ABOUT THIS EXERCISE:
Please give back each entry below unaltered, leaving the pictures out.

[Start of Attachment]

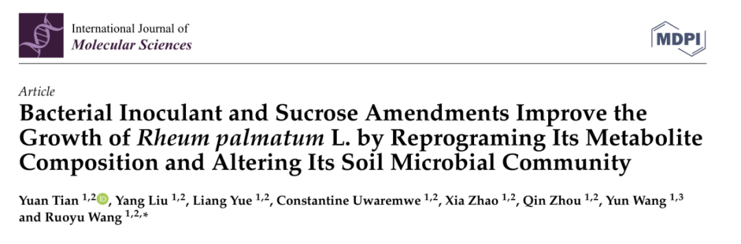 2022年2月,中國科學(xué)院西北生態(tài)環(huán)境與資源研究所在《International Journal of Molecular Science》發(fā)表題為“Bacterial Inoculant and Sucrose Amendments Improve the Growth of?Rheum palmatum?L. by Reprograming Its Metabolite Composition and Altering Its Soil Microbial Community”的研究論文,該論文主要研究了(1)細(xì)菌接種劑和蔗糖聯(lián)合使用對R. palmatum?L.的影響;(2)聯(lián)合接種對土壤性質(zhì)和土壤微生物的影響;(3)聯(lián)合接種后根際微生物變化及其與R. palmatum?L.生長變化的關(guān)聯(lián)。
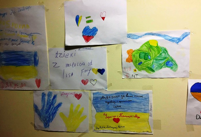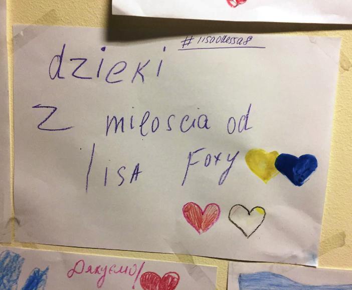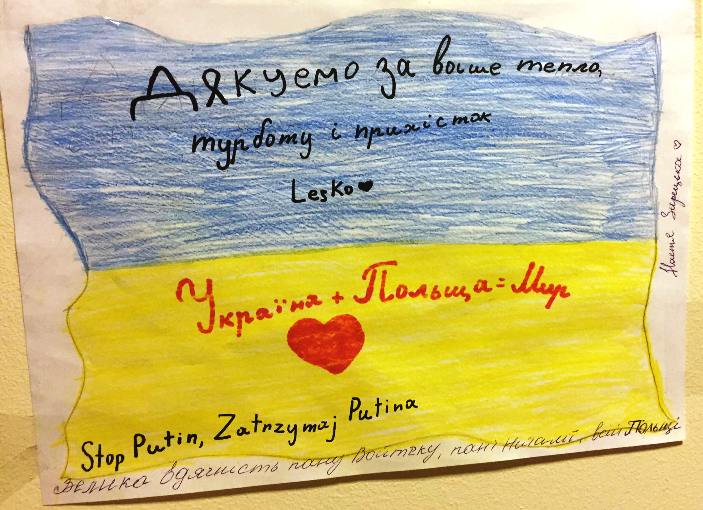 Jedna z kart z podziękowaniami, przygotowana przez ukraińskie dzieci przebywające w noclegowni.
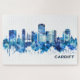 Blue Watercolor Skyline von Cardiff, die Hauptstadt Wales und ihre größte Stadt, die elftgrößte Stadt im Vereinigten Königreich
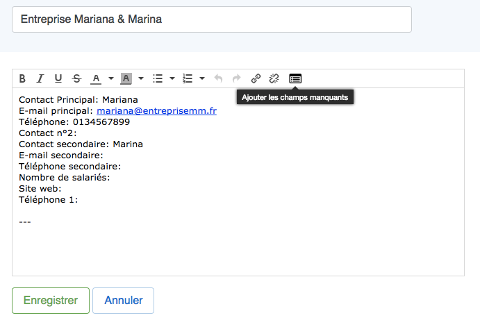 Pour éviter les problèmes habituels causés par l’utilisation de nombreux champs lors de la création d’opportunités, ces informations sont rassemblées dans un seul champ de texte de grande taille.
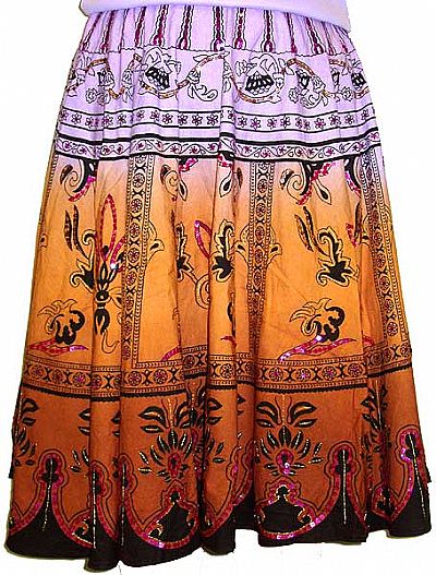 Full circle tee-length skirt in exquisite print. Paisley-inspired motif is sequined. Coordinating hues combined together as background gives this skirt a great look; made of 100% cotton. Side zipper; washable. 28 inches length. Imported.
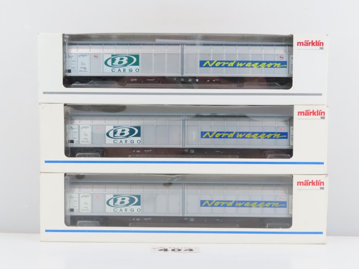Märklin H0 - 48032/48029 - Goederenwagon - 3x 4-assige schuifwandwagens met opdruk "Nordwaggon" - NMBS
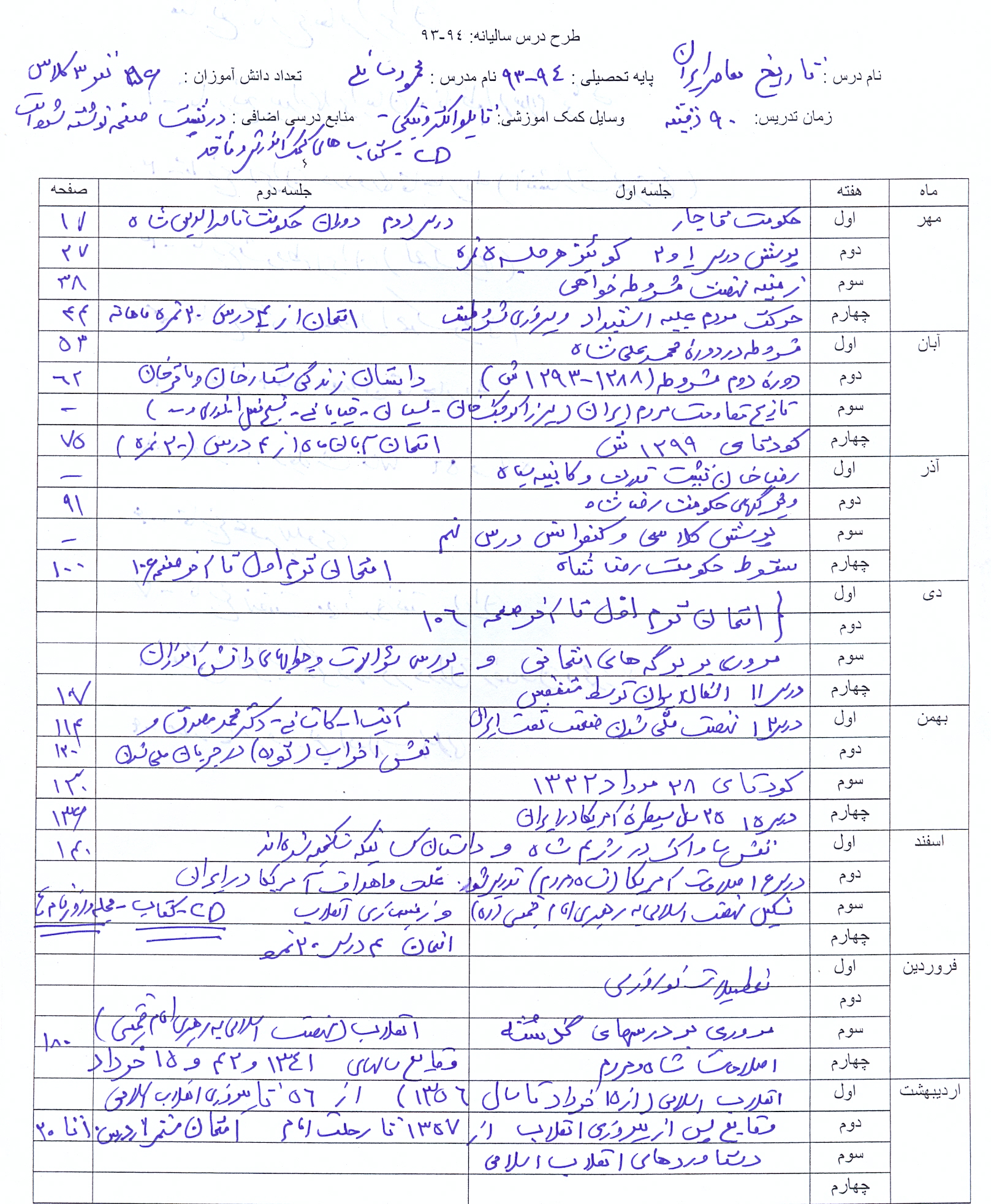 پایه سوم علوم تجربی کلاس 303
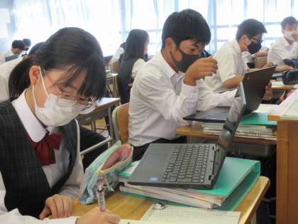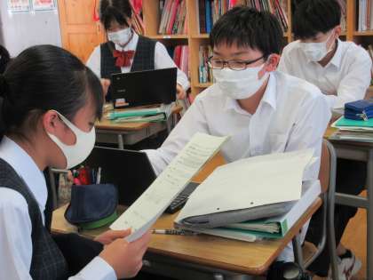 『身近な地域の調査』に取り組んでいます。地理分野の学習では必修の内容で、観察や調査方法の基礎知識や、地形図等の見方や用途に応じた地図の作成方法といった基礎技能の習得を目指します。また、調査方法や結果を多面的・多角的に考察し表現する思考・判断・表現力も身につけます。
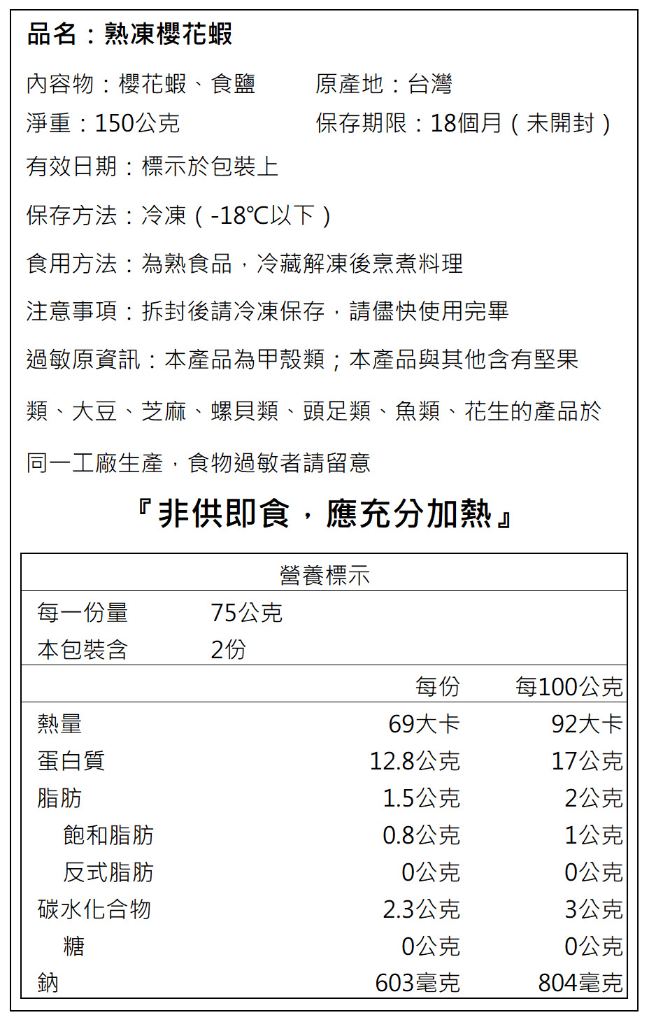 3. 櫻花蝦營養價值高,富含蛋白質、鈉、鉀等維生素,不管是直接食用或是在料理中提鮮,都是很棒的食材。本產品無添加防腐劑及色素,可安心食用。

[End of Attachment]

PROBLEM SOLUTION:
 2022年2月,中國科學(xué)院西北生態(tài)環(huán)境與資源研究所在《International Journal of Molecular Science》發(fā)表題為“Bacterial Inoculant and Sucrose Amendments Improve the Growth of?Rheum palmatum?L. by Reprograming Its Metabolite Composition and Altering Its Soil Microbial Community”的研究論文,該論文主要研究了(1)細(xì)菌接種劑和蔗糖聯(lián)合使用對R. palmatum?L.的影響;(2)聯(lián)合接種對土壤性質(zhì)和土壤微生物的影響;(3)聯(lián)合接種后根際微生物變化及其與R. palmatum?L.生長變化的關(guān)聯(lián)。
 Jedna z kart z podziękowaniami, przygotowana przez ukraińskie dzieci przebywające w noclegowni.
 Blue Watercolor Skyline von Cardiff, die Hauptstadt Wales und ihre größte Stadt, die elftgrößte Stadt im Vereinigten Königreich
 Pour éviter les problèmes habituels causés par l’utilisation de nombreux champs lors de la création d’opportunités, ces informations sont rassemblées dans un seul champ de texte de grande taille.
 Full circle tee-length skirt in exquisite print. Paisley-inspired motif is sequined. Coordinating hues combined together as background gives this skirt a great look; made of 100% cotton. Side zipper; washable. 28 inches length. Imported.
Märklin H0 - 48032/48029 - Goederenwagon - 3x 4-assige schuifwandwagens met opdruk "Nordwaggon" - NMBS
 پایه سوم علوم تجربی کلاس 303
 『身近な地域の調査』に取り組んでいます。地理分野の学習では必修の内容で、観察や調査方法の基礎知識や、地形図等の見方や用途に応じた地図の作成方法といった基礎技能の習得を目指します。また、調査方法や結果を多面的・多角的に考察し表現する思考・判断・表現力も身につけます。
 3. 櫻花蝦營養價值高,富含蛋白質、鈉、鉀等維生素,不管是直接食用或是在料理中提鮮,都是很棒的食材。本產品無添加防腐劑及色素,可安心食用。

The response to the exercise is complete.